[Material to process Boundary: Start]
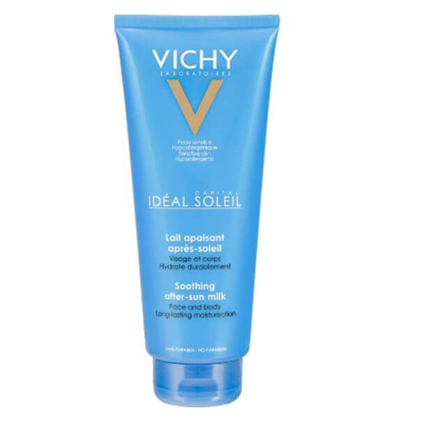 La Leche After Sun Vichy Idéal Soleil calma y nutre la piel después de la exposición solar. Su fórmula, libre de parabenes, ha sido testada dermatológicamente en pieles sensibles. Además, está enriquecida con Agua Termal de Vichy, que aporta propiedades calmantes, fortalecedoras y regeneradoras.
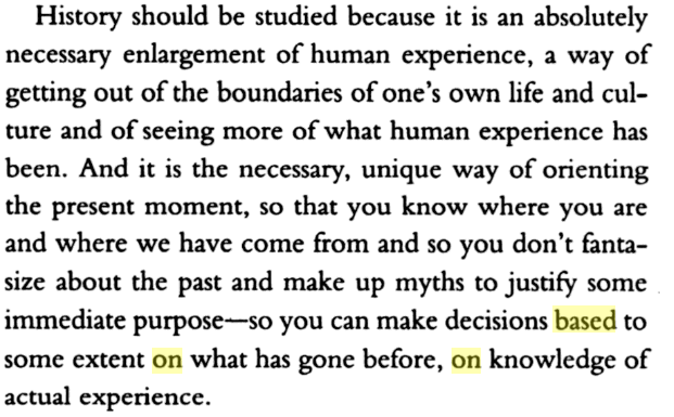On page 12, there is an interesting discussion on why one should study history, both at the level of an individual and the collective. Below, I reproduce a paragraph related to this.
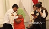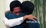 WNI korban penyanderaan perompak Somalia asal Medan, Sudirman memeluk anggota keluarganya saat bertemu pada acara serah terima sandera Somalia di Kementerian Luar Negri, Jakarta, Senin (31/10). (Republika/Rakhmawaty La'lang) (FOTO : Republika/Rakhmawaty La'lang)
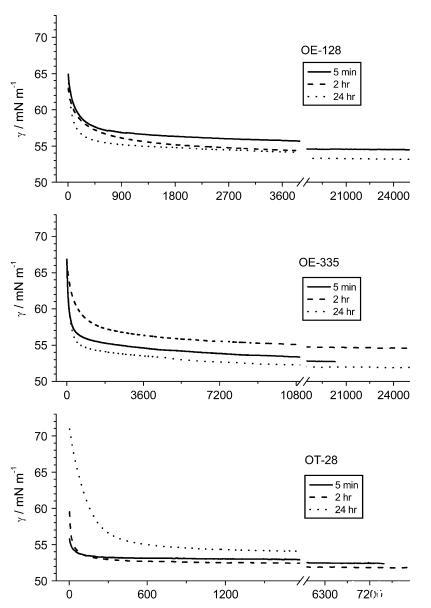 圖 1 1:1 提取物的動態表面張力曲線。
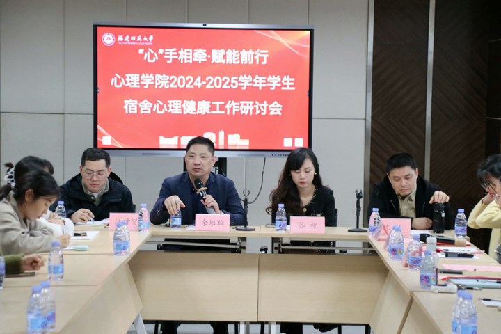 近日,心理学院与巡察办在人文楼召开“心手相牵·赋能前行”学生宿舍心理健康工作研讨会。巡察办常务副主任余培雄、心理学院党委副书记苏杭、应用心理学系主任陈坚以及相关老师参加。
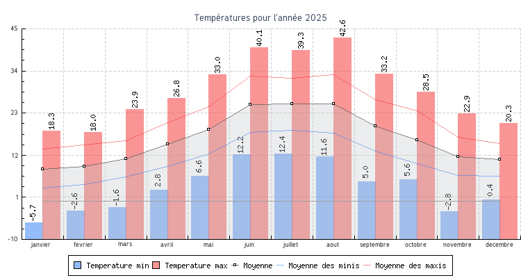 | aout | 11.6 °C | 17.8 °C | 42.6 °C | 33.1 °C | 25.4 °C | 2.1 km/h | 25.7 km/h | NNO |
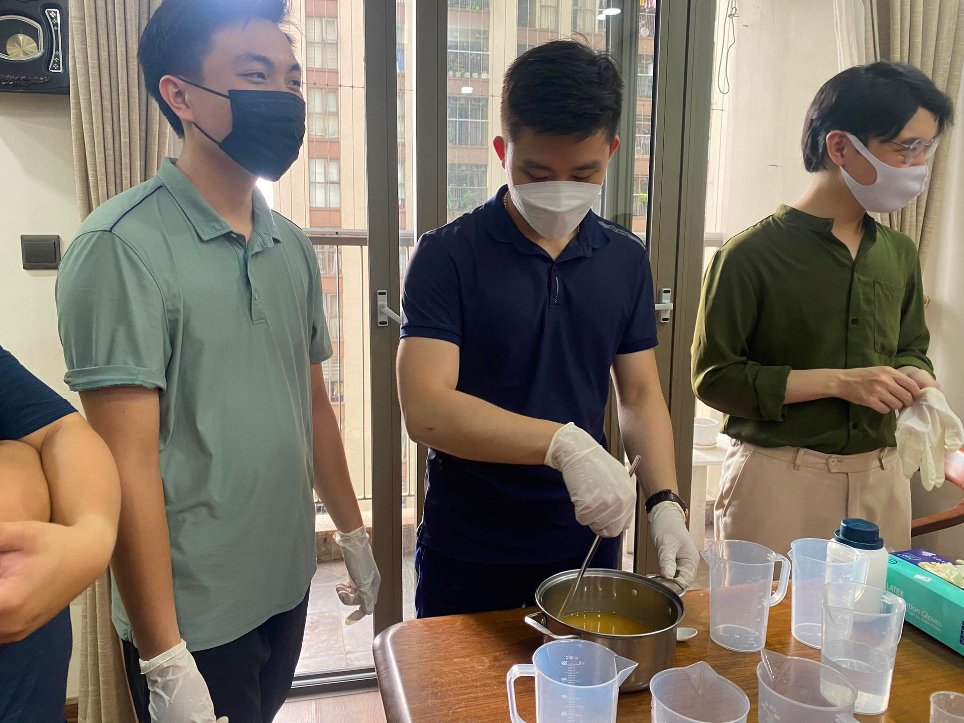 Buổi thực hành làm xà phòng từ dầu ăn đã qua sử dụng của các bạn tình nguyện viên
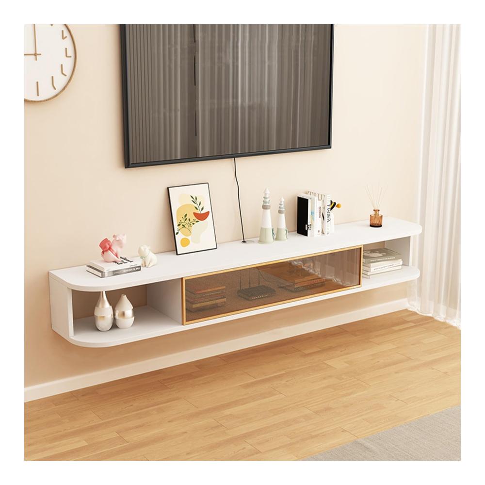 Entdecken Sie den Dawselod Wandmontierten TV-Ständer – ein modernes, schwebendes Unterhaltungszentrum für Ihr Wohn- oder Schlafzimmer. Mit einer Größe von 120CM und in der Farbe B1 bietet dieser TV-Schrank ein stilvolles und platzsparendes Design. Die Installation ist flexibel und einfach, dank der verbesserten verdickten Platte und des offenen Lagerungskonzepts. Genießen Sie die subtilen Details wie die reservierten Einfädeln Löcher und die elegante lange Regenbogen Glastür. Der Aluminium-Legierung Türrahmen und die abgerundeten Ecken verleihen diesem TV-Schrank Stabilität und Ästhetik. Machen Sie Ihr Wohnzimmer zum Mittelpunkt mit diesem modernen TV-Schrank
[Material to process Boundary: End]
The reply should hold only the lines running from the top of the records to the line containing "Buổi thực hành", both included, copied exactly with no pictures.

 La Leche After Sun Vichy Idéal Soleil calma y nutre la piel después de la exposición solar. Su fórmula, libre de parabenes, ha sido testada dermatológicamente en pieles sensibles. Además, está enriquecida con Agua Termal de Vichy, que aporta propiedades calmantes, fortalecedoras y regeneradoras.
On page 12, there is an interesting discussion on why one should study history, both at the level of an individual and the collective. Below, I reproduce a paragraph related to this.
 WNI korban penyanderaan perompak Somalia asal Medan, Sudirman memeluk anggota keluarganya saat bertemu pada acara serah terima sandera Somalia di Kementerian Luar Negri, Jakarta, Senin (31/10). (Republika/Rakhmawaty La'lang) (FOTO : Republika/Rakhmawaty La'lang)
 圖 1 1:1 提取物的動態表面張力曲線。
 近日,心理学院与巡察办在人文楼召开“心手相牵·赋能前行”学生宿舍心理健康工作研讨会。巡察办常务副主任余培雄、心理学院党委副书记苏杭、应用心理学系主任陈坚以及相关老师参加。
 | aout | 11.6 °C | 17.8 °C | 42.6 °C | 33.1 °C | 25.4 °C | 2.1 km/h | 25.7 km/h | NNO |
 Buổi thực hành làm xà phòng từ dầu ăn đã qua sử dụng của các bạn tình nguyện viên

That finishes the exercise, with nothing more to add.